Günler önce bir arkadaşım internette küçüklük fotoğrafını paylaşmış.Altına da not düşmüş, "hiç değişmemişim..."

Ben de aldım küçüklük fotoğraflarımı elime, baktım, inceledim…

Sonra düşündüm. Ben değişmiş miyim?

Farkettim ki çok geriye gitmişim.

Halbuki henüz 3-5 ay öncesine geri döndüğümde bile bugünle ne kadar farklıolduğumu görebiliyorum. Belki dışarıdan biri fark edemiyor ama ben fark ediyorum. Tabi bu değişim yeni biri oldum, anlamında değil.

Bu gelişen bir kafa, genişleyen bir ufuk, hızlıca geçen zamanın bana hissettirdikleri. Yoksa o 5 yaşındaki halimi hala hissedebiliyorum.

O ben değilim, diyemiyorum…

Hatta ne tatlıydım diye espri bile yapabiliyorum..

Kendimdeki değişimi en iyi far kettiğim, hatta değişimi en iyi hissettiğim dönem 17`den sonrasıydı. Üniversiteye geldiğim yıldan itibaren bana sorduklarında şunu diyebiliyordum; “Her dönem bir önceki dönemden daha iyiydi. Elhamdülillah…”

Gerçekten bu böyleydi. Her yıl bir önceki yılı solladı. Her yıl bir önceki yılı küçümsedi. Ben küçümsemedim. Hatta; “daha iyi olabilirdim”in üzüntüsünü yaşadım.

Her yıl“bilmediğim ne çok eksiğim varmış” dedim.

Şimdi acısınıçektiğim konu “neyi bilmiyorum” meselesi.

Bilmediğin şeyi gider öğrenirsin değil mi?

Ama neyi bilmediğini bilmezsen öğrenemezsin.

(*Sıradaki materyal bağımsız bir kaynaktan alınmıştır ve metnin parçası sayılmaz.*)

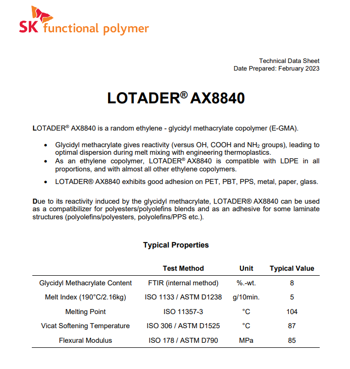 - EMA 法國阿科瑪Lotader AX 8840 粘接性好 無規(guī)共聚物 可分散 塑料改性 粘合劑 物性表, EMA 法國阿科瑪Lotader AX 8840 粘接性好 無規(guī)共聚物 可分散 塑料改性 粘合劑 產(chǎn)品參數(shù),EMA 法國阿科瑪Lotader AX 8840 粘接性好 無規(guī)共聚物 可分散 塑料改性 粘合劑 性能表,EMA 法國阿科瑪Lotader AX 8840 粘接性好 無規(guī)共聚物 可分散 塑料改性 粘合劑 出廠報(bào)告, MSDS,, 物質(zhì)安全資料表, UL黃卡,{ SGS報(bào)告, RoHS, 食品級(jí)認(rèn)證, NSF飲用水標(biāo)準(zhǔn), 產(chǎn)品資料, 產(chǎn)品性能, 出廠報(bào)告, 原廠原包, 代理商, 熱變形溫度, 熔指數(shù), 流動(dòng)系數(shù), 抗沖擊性能、沖擊強(qiáng)度, 低溫韌性、低溫抗沖擊性能, 熔體流動(dòng)系數(shù)、熔體流動(dòng)速率, 加工工藝、加工參數(shù)、加工溫度, 歐盟RoHS 德國FDA 美國FDA 日本FDA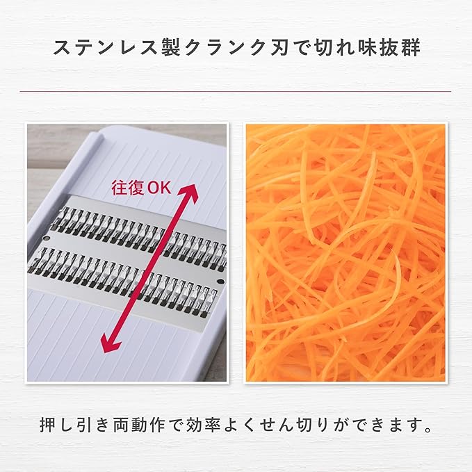 トンネル状のクランク刃を通すことで包丁で刻んだような、角のある美しい細千切り(つま程度の千切り)が簡単に仕上がります。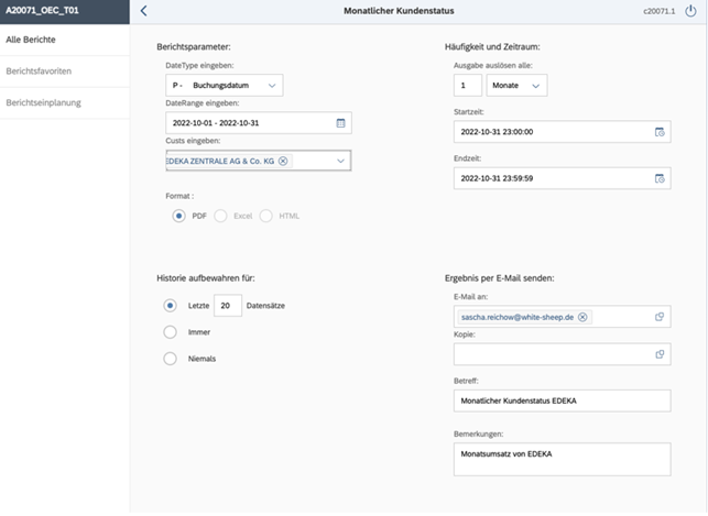 Noch komfortabler ist es, wenn Sie als Anwendende:r systemseitig automatisch informiert werden – dafür können Sie die „Berichtseinplanung“ ganz einfach konfigurieren und an Ihre Erfordernisse anpassen: Im Konfigurator können Sie alle Berichte mit einem individuellen Ausgabedatum bzw. Versandrhythmus hinterlegen. So können Sie sich z. B. monatliche oder wöchentliche Kund:innen-Berichte terminieren, um am Wochen- bzw. Monatsende automatisch über deren geschäftliche Entwicklung via E-Mail informiert zu werden. Natürlich können Sie auch mehrere E-Mail Adressen für die Aussendung des Reports hinterlegen sowie verschiedene Kund:innen in individuellen Kundengruppen zusammenfassen.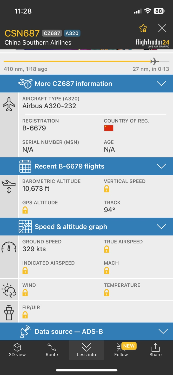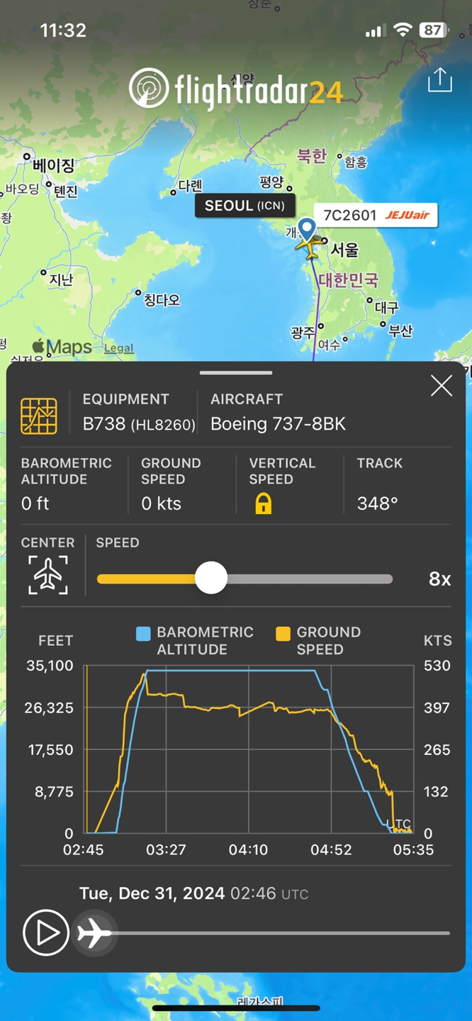 해당 항공편의 상세보기로 넘어가면 해당 항공편이 현재 어느 높이에, 어떤 속도로 이동중인지, 날짜별로 어떤 경로로 운항했었는지 그 이력들을 확인할 수 있습니다.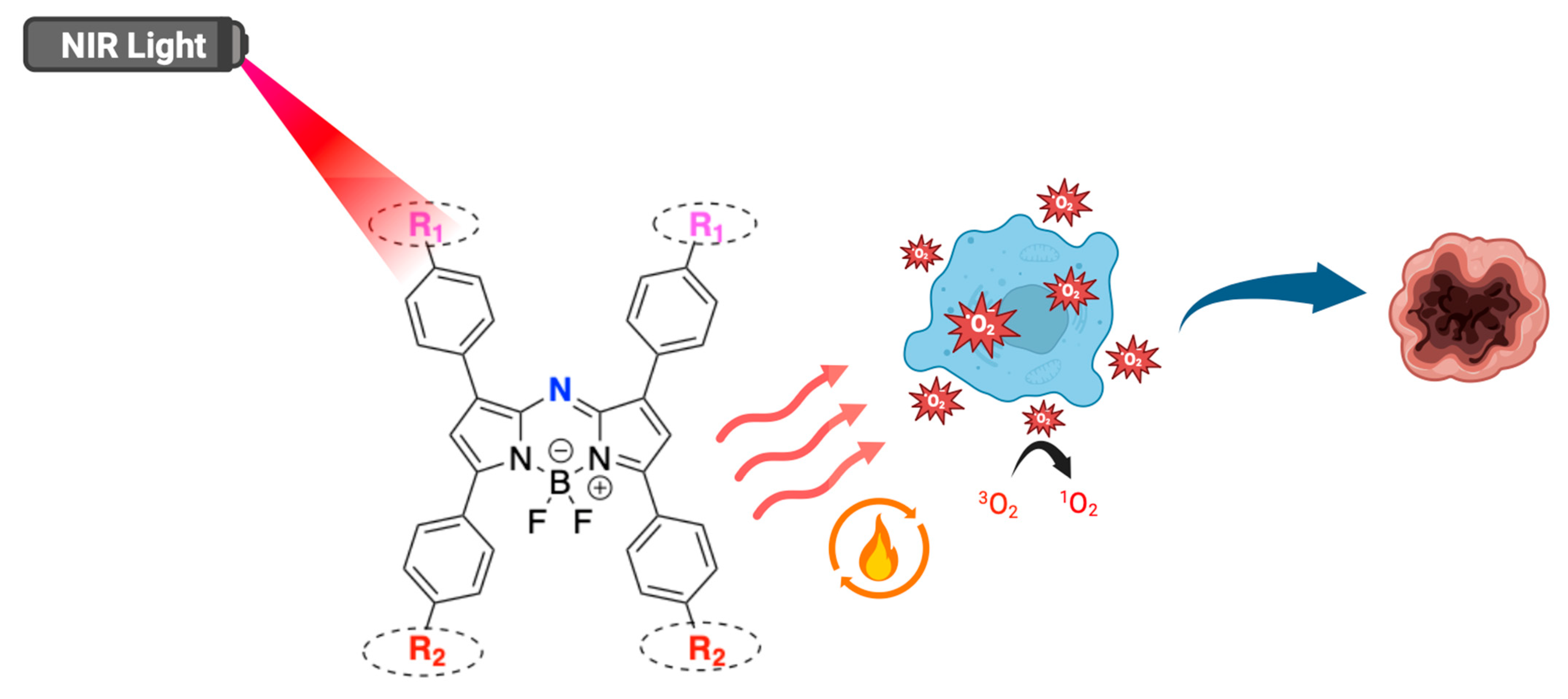 - Hlogyik, T.; Laczkó-Rigó, R.; Bakos, É.; Poór, M.; Kele, Z.; Özvegy-Laczka, C.; Mernyák, E. Synthesis and in vitro photodynamic activity of aza-BODIPY-based photosensitizers. Org. Biomol. Chem. 2023, 21, 6018–6027. [Google Scholar] [CrossRef]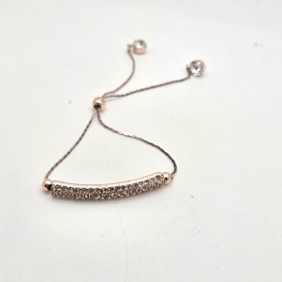 Rose Gold Plated Bar Plaque Bolo Bracelet Crystal Accents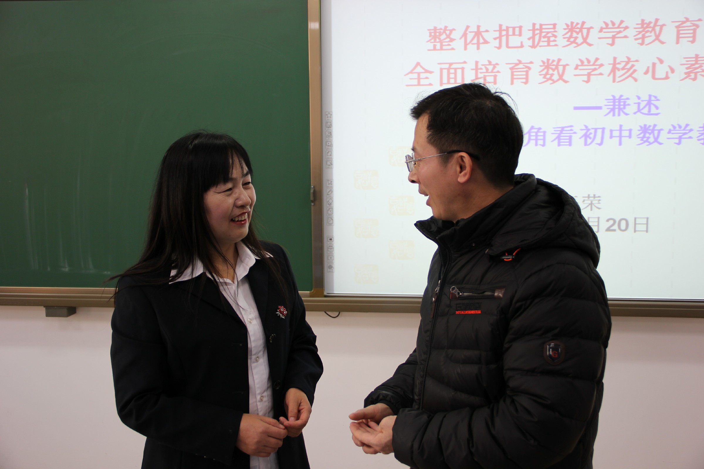 在评课环节,贾老师做了《整体把握数学教育、全面培育数学核心素养——兼述从高中视角看初中数学教学》的讲座。来自朝阳、东城、西城、昌平、大兴、密云各区的老师们积极发言,非常认可贾老师“以教学方式引领学生学习方式转变”的做法。老师们都说贾老师的学生是幸运的,选课老师更是幸运的,此行收获极大,愿意继续选贾老师的课,多向贾老师学习。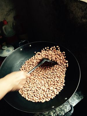 煮熟的黄豆,还需要进一步加工,放进锅里炒干水分,加盐或糖,咸味的还需要加入猪肉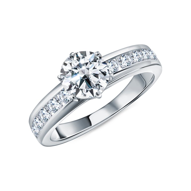 Кольцо, вставка: фианит; Белое золото 585 пробы.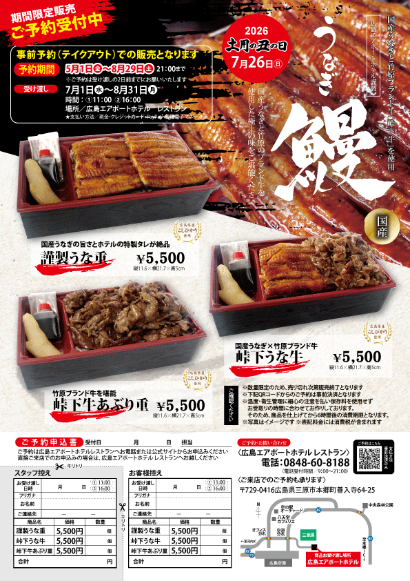 今年の夏も、土用の丑の日には広島エアポートホテルの「謹製うな重」をどうぞ。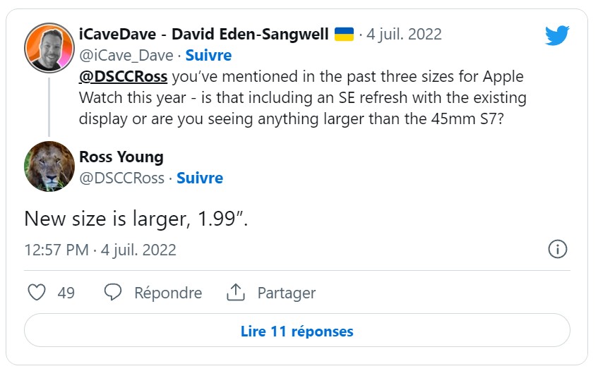 En juillet, Ross Young a ajouté une autre taille à sa prédiction, indiquant que cette taille pourrait être de 50 mm. Ainsi, le cadran de la montre sera 5 mm plus grand que la plus grande Apple Watch 7. Elle mesurera presque 5 cm.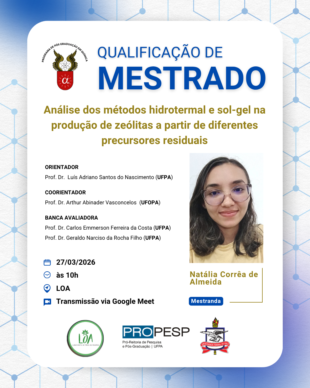 O Programa de Pós - Graduação em Química da UFPA informa a comunidade acadêmica sobre o Exame de Qualificação de Mestrado da discente Natália Corrêa de Almeida. A seguir tem-se as informações do procedimento:

Tatil bana bunları düşünme fırsatı veriyor. Şimdi oturup bilmediklerimin listesini yapacağım.

Gidip öğrenebileyim diye…

Önümüzdeki yıl, bu yılı sollasın diye...

Kendimi fark edebileyim, fotoğraflara bakınca gülümseyebileyim diye…

Değişmek mi dersiniz, büyümek mi dersiniz bilmiyorum ama aynı kalmayın derim ben, gelişin. Değişmek mümkün; mesele doğru değişiklikleri yapmakta..

Allah’ın Hallâk ve Muntakım esmasından pay alalım.

Değişmek hayatın en değişmeyen yasasıdır.